What we are seeing now is straightforward black-holing - messages are accepted, but are never delivered to mailboxes, even if the sender's address is in my address book. Here's a (redacted) mail server log from a message I sent myself today, showing a perfectly good delivery that simply never showed up in my mailbox (or my junk mailbox):
Aug 18 00:02:01 [INFO] [-] [core] [outbound] Created transaction: 295909F6-3510-49D1-BB62-1BE01D8984A7
Aug 18 00:02:01 [DEBUG] [outbound] running send_email hooks
Aug 18 00:02:01 [DEBUG] [outbound] Sending mail: 1471478521810_0_20414_4326.cham01.example.com
Aug 18 00:02:01 [DEBUG] [outbound] running get_mx hooks
Aug 18 00:02:01 [INFO] [outbound] Looking up AAAA records for: mx2.hotmail.com
Aug 18 00:02:01 [ERROR] [outbound] DNS lookup of mx2.hotmail.com failed: Error: queryAaaa ENODATA mx2.hotmail.com
Aug 18 00:02:01 [INFO] [outbound] Looking up A records for: mx2.hotmail.com
Aug 18 00:02:01 [INFO] [outbound] Attempting to deliver to: 65.55.92.184:25 (0) (27)

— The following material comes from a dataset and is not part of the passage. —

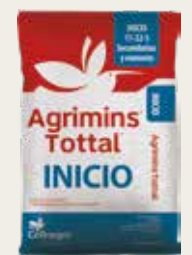
Agrimins® Tottal Inicio 50 g / árbol

Aug 18 00:02:02 [PROTOCOL] [outbound] S: 220 SNT004-MC4F11.hotmail.com Sending unsolicited commercial or bulk e-mail to Microsoft's computer network is prohibited. Other restrictions are found at http://privacy.microsoft.com/en-us/anti-spam.mspx. Wed, 17 Aug
2016 17:02:02 -0700 \r\n
Aug 18 00:02:02 [PROTOCOL] [outbound] C: EHLO example.com
Aug 18 00:02:02 [PROTOCOL] [outbound] S: 250-SNT004-MC4F11.hotmail.com (3.22.0.9) Hello [92.243.0.0]\r\n
Aug 18 00:02:02 [PROTOCOL] [outbound] S: 250-SIZE 36909875\r\n
Aug 18 00:02:02 [PROTOCOL] [outbound] S: 250-PIPELINING\r\n
Aug 18 00:02:02 [PROTOCOL] [outbound] S: 250-8bitmime\r\n
Aug 18 00:02:02 [PROTOCOL] [outbound] S: 250-BINARYMIME\r\n
Aug 18 00:02:02 [PROTOCOL] [outbound] S: 250-CHUNKING\r\n
Aug 18 00:02:02 [PROTOCOL] [outbound] S: 250-STARTTLS\r\n
Aug 18 00:02:02 [PROTOCOL] [outbound] S: 250-AUTH LOGIN\r\n
Aug 18 00:02:02 [PROTOCOL] [outbound] S: 250-AUTH=LOGIN\r\n
Aug 18 00:02:02 [PROTOCOL] [outbound] S: 250 OK\r\n
Aug 18 00:02:02 [PROTOCOL] [outbound] C: STARTTLS
Aug 18 00:02:02 [PROTOCOL] [outbound] S: 220 SMTP server ready\r\n
Aug 18 00:02:02 [INFO] [outbound] secured: cipher=ECDHE-RSA-AES256-SHA384 version=TLSv1/SSLv3 verified=true cn="*.hotmail.com" organization="undefined" issuer="Microsoft Corporation" expires="Apr 14 00:34:04 2018 GMT" fingerprint=A1:AD:33:1F:DD:42:DF:3E:33:89:C9:A6:39:DC:90:6C:EE:45:B8:4B
Aug 18 00:02:02 [PROTOCOL] [outbound] C: EHLO example.com
Aug 18 00:02:02 [PROTOCOL] [outbound] S: 250-SNT004-MC4F11.hotmail.com (3.22.0.9) Hello [92.243.0.0]\r\n
Aug 18 00:02:02 [PROTOCOL] [outbound] S: 250-SIZE 36909875\r\n
Aug 18 00:02:02 [PROTOCOL] [outbound] S: 250-PIPELINING\r\n
Aug 18 00:02:02 [PROTOCOL] [outbound] S: 250-8bitmime\r\n
Aug 18 00:02:02 [PROTOCOL] [outbound] S: 250-BINARYMIME\r\n
Aug 18 00:02:02 [PROTOCOL] [outbound] S: 250-CHUNKING\r\n
Aug 18 00:02:02 [PROTOCOL] [outbound] S: 250-AUTH LOGIN\r\n
Aug 18 00:02:02 [PROTOCOL] [outbound] S: 250-AUTH=LOGIN\r\n
Aug 18 00:02:02 [PROTOCOL] [outbound] S: 250 OK\r\n
Aug 18 00:02:02 [PROTOCOL] [outbound] C: MAIL FROM:
There should be enough identifiers in there for someone with sufficient karma to track this down.
How can I fix this? It seems utterly ridiculous that we are being penalised so violently for improving our sending behaviour.
Thanks for listening!
Update: I have also submitted an E-form request to outlook support about this.